Kita coba mulai dari yang tertua. Salah satu penyebar agama Islam periode awal adalah Syekh Ahmad Kholil di kecamatan Jenu. Beliau salah satu Wali tua di Tuban. Beliau datang ke tanah Jawa sekitar tahun 743 M. lalu Syekh Maulana Ibrahim Asmara Bin Sayyid Jamaluddin Al Khusaini Al Kubro atau lebih populer dengan nama Sayyid Jumadil Kubro yang merupakan Wali Songo generasi pertama bersama Syekh Subakir datang ke tanah Jawa guna menyebarkan Islam. Syekh Subakir sendiri diketahui menyebarkan Islam di daerah Pantura dan Jenu. Sayyid Jumadil Kubro memiliki 21 anak diantaranya adalah Syekh Maulana Ibrahim Assamarqandi yang di makamkan di Palang. Beliau  menyebarkan Islam di Tuban bersama Syekh Andalusy (Sunan Andong Wilis Palang). Diantara putra Ibrahim Assamarqan adalah Raden Rahmat (Sunan Ampel) dan kakaknya, Sayyid Maulana Ishaq  yang di makamkan di Semanding.
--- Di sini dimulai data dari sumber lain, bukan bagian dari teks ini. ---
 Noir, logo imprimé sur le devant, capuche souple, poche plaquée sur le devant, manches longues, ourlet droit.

Dari Sunan Ampel berputra Raden Makdum Ibrahim (Sunan Bonang) yang memiliki mantu darah asli orang Tuban yaitu Raden Said (Sunan Kalijaga), putra dari Raden Aryo Wilotikto, Bupati Kadipaten Tuban setelah Aryo Tejo.
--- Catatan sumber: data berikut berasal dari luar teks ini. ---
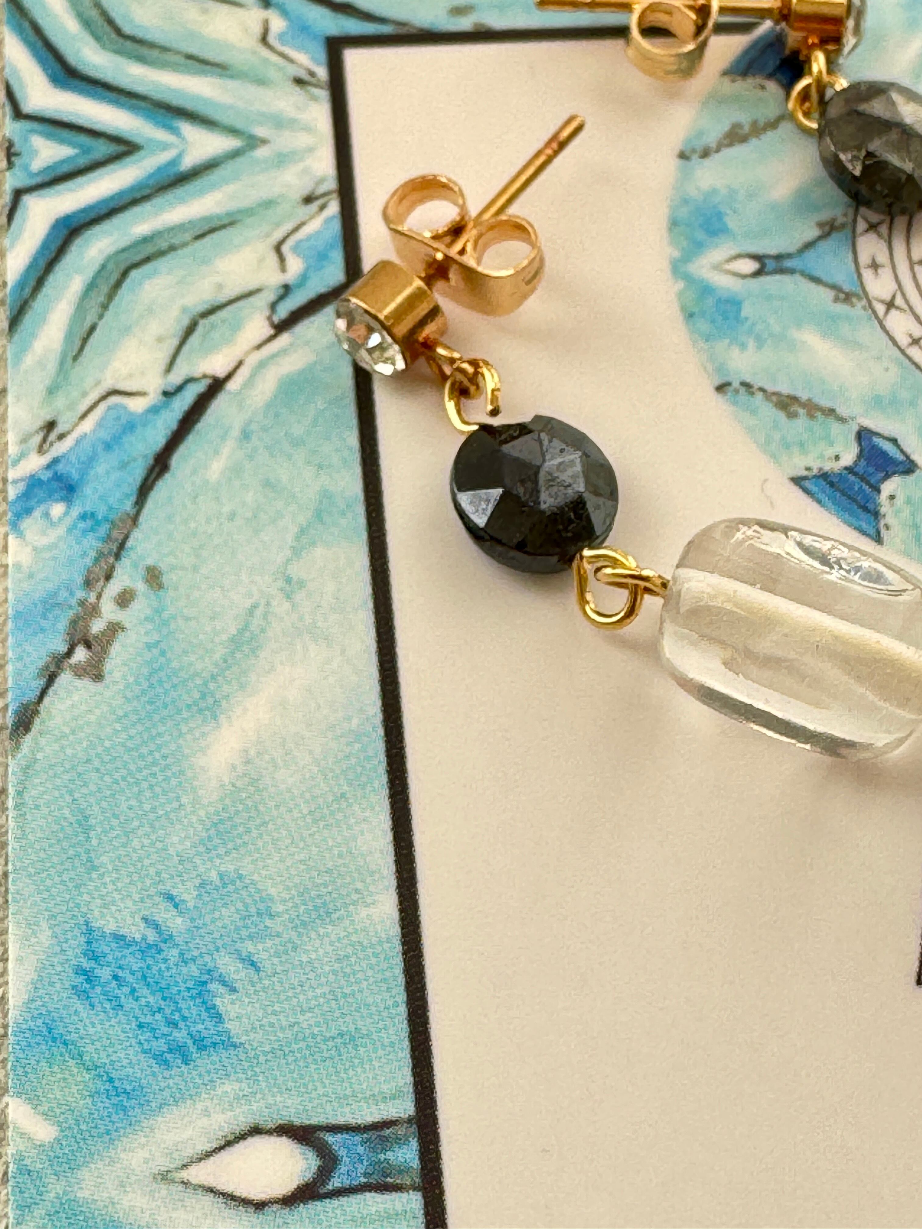このピアスは、ブラックのアンティークガラスと繊細なガラスビーズが一つ一つ丁寧に並べられたデザインが魅力的なピアスです。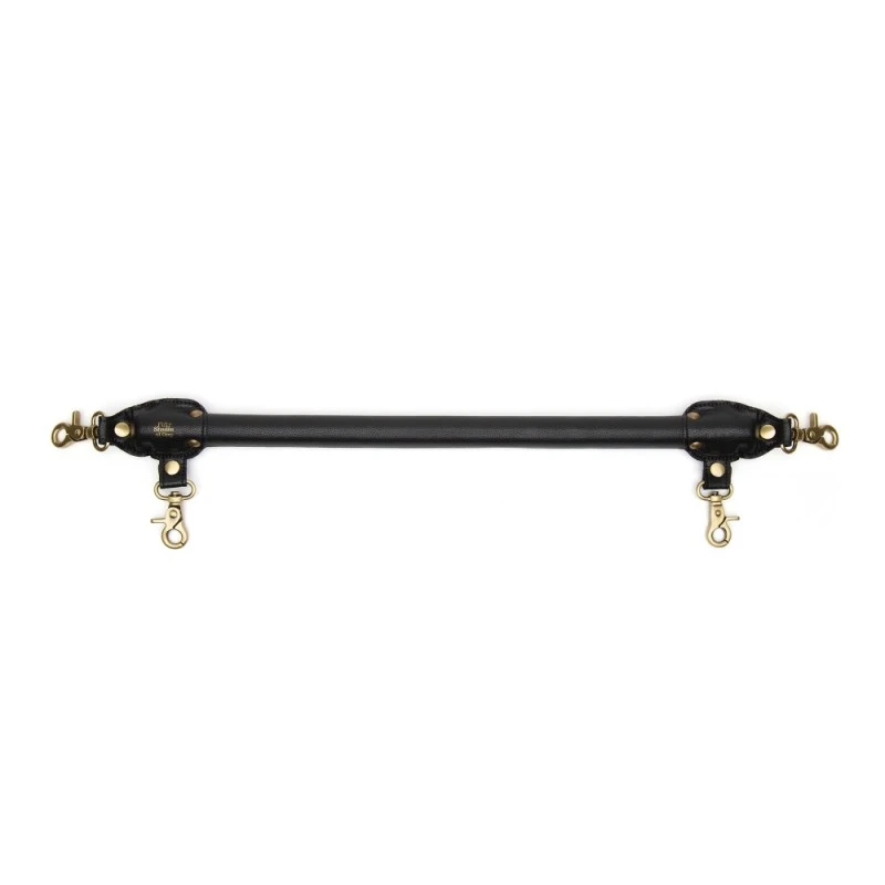La barre d’écartement en similicuir noir est très robuste. Elle possède des détails métalliques dorés garantis sans nickel pour une touche encore plus érotique. Elle comprend également 4 mousquetons vous laissant ainsi la possibilité d’accrocher des menottes ou un hogtie et de réaliser une véritable séance en couple !

Selanjutnya adalah Syekh Abdullah Asy’ari (Sunan Bejagung Lor) memiliki keturunan yang juga kelak menjadi Wali seperti Sunan Mruwut dan Sunan Waruju (Bejagung), pengeran Singo Negoro (Jetak, Montong), pangeran Banteng Plontang (Dagangan, Parengan), Syekh Ahmad Mutamakkin (Kajen, Pati), Syekh Muchyiddin (Singgahan), dan Nyai Faiqoh istri dari Sunan Bejagung Kidul (Singgahan). Lalu ada Waliyullah bernama Pangeran Wisanegara (Sunan Ngeso) di desa Pucangan, Montong yang merupakan Putra Mahkota Kerajaan Pajang. Beliau masih saudara dengan Pangeran Sumayuda (Syekh Abdul Jabbar) yang bermakam di Nglirip, Singgahan. Sedangkan Mbah Jabbar sendiri merupakan cucu dari Jaka Tingkir, dan masih saudara dari Pangeran Purbaya, penyebar agama Islam di Rengel. Selain penjelasan diatas, masih begitu banyak silsilah dan nama-nama para Wali di Bumi Wali ini yang akan kita bahas di lain waktu.
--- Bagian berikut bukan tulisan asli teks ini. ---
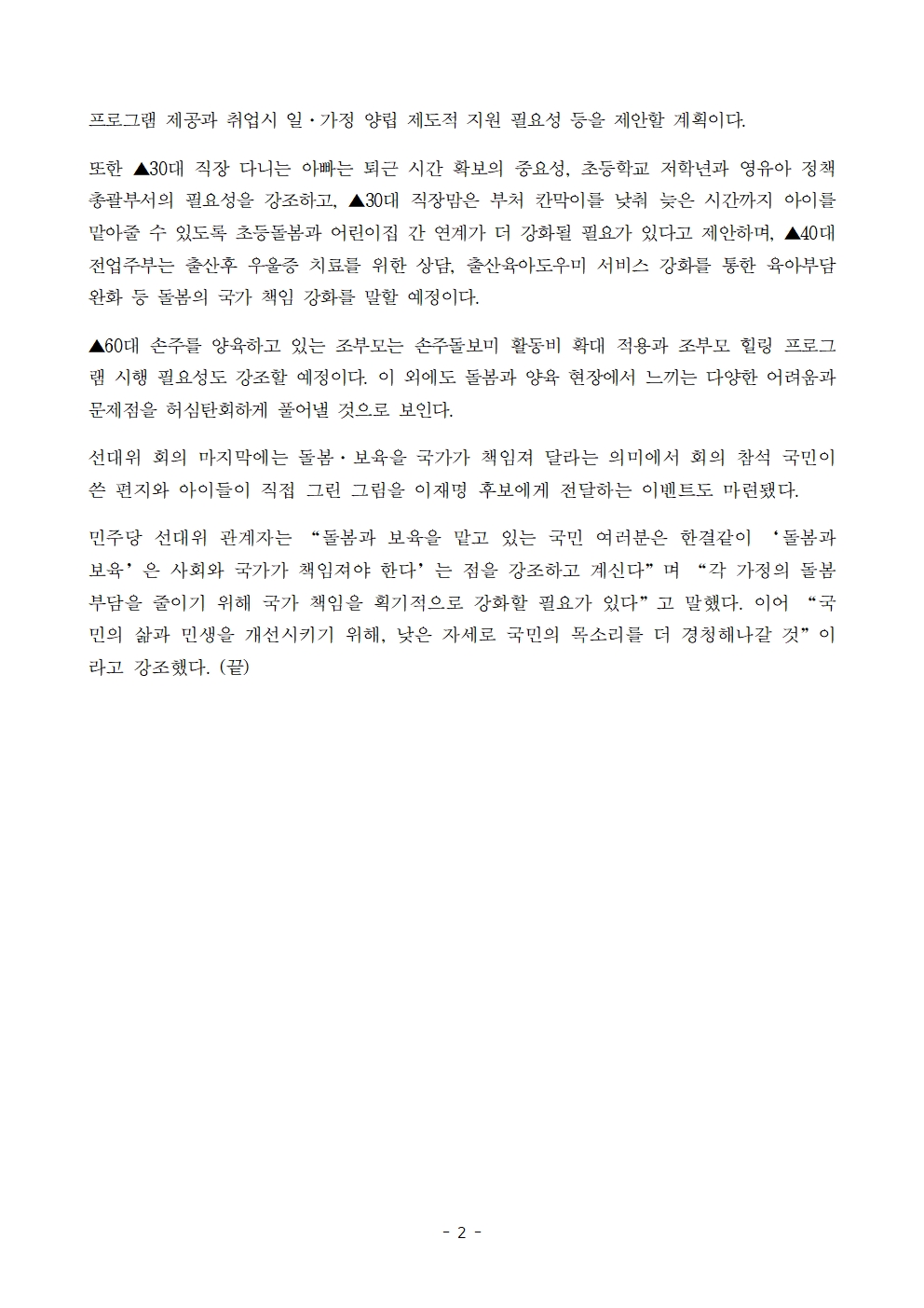 [보도자료] 더불어민주당 선대위 전략기획본부, ‘국가가 함께 키우겠습니다’ 전국민 선대위 개최

Kontribusi para Wali dalam pembangunan daerahnya memberikan corak tersendiri. Seperti Alun-alun kota Kudus, Demak dan Gresik, Alun-alun kota Tuban juga menerapkan tata ruang ala Wali yaitu di sekeliling Alun-alun ada Masjid Agung, Pasar, Kantor Pemerintahan dan Penjara atau Lembaga Hukum yang keempatnya di atur mengelilingi Alun-alun. Sehingga, tempat tersebut dengan mudahnya di kenali sebagai pusat kota.

Tentu kita tak melupakan metode penyebaran Islam oleh para Wali salah satunya melalui kesenian. Kesenian asli Tuban yang di sentuh oleh nuansa Islam diantaranya adalah Wayang Krucil, Gelut Pathol serta Sandur. Sunan Bonang sendiri memiliki keahlian dalam memainkan alat musik Gamelan. Serta Sunan Kalijaga dengan Wayang Kulitnya. Karenanya Islam turut serta dalam memperkaya seni dan budaya yang telah lama mengakar dan menjadi hiburan bagi masyarakat Tuban.

Jejak para Wali semakin terasa nyata dengan banyaknya legenda yang ada. Seperti kisah sumur Srumbung, Watu Gajah, Bukit Wilis, hingga yang berbau mistis seperti mitos ikan Gua Ngerong dan Mata Air Krawak. Jejak-jejak beliau semua senantiasa kita ambil hikmah dan ajarannya agar identitas Tuban semakin mengental dan mampu memikat siapa saja baik dalam dimensi religi, sosial, ekonomi dan lain sebagainya. Serta mampu mengggaet masyarakat baik tingkat Regional, Nasional maupun Internasional.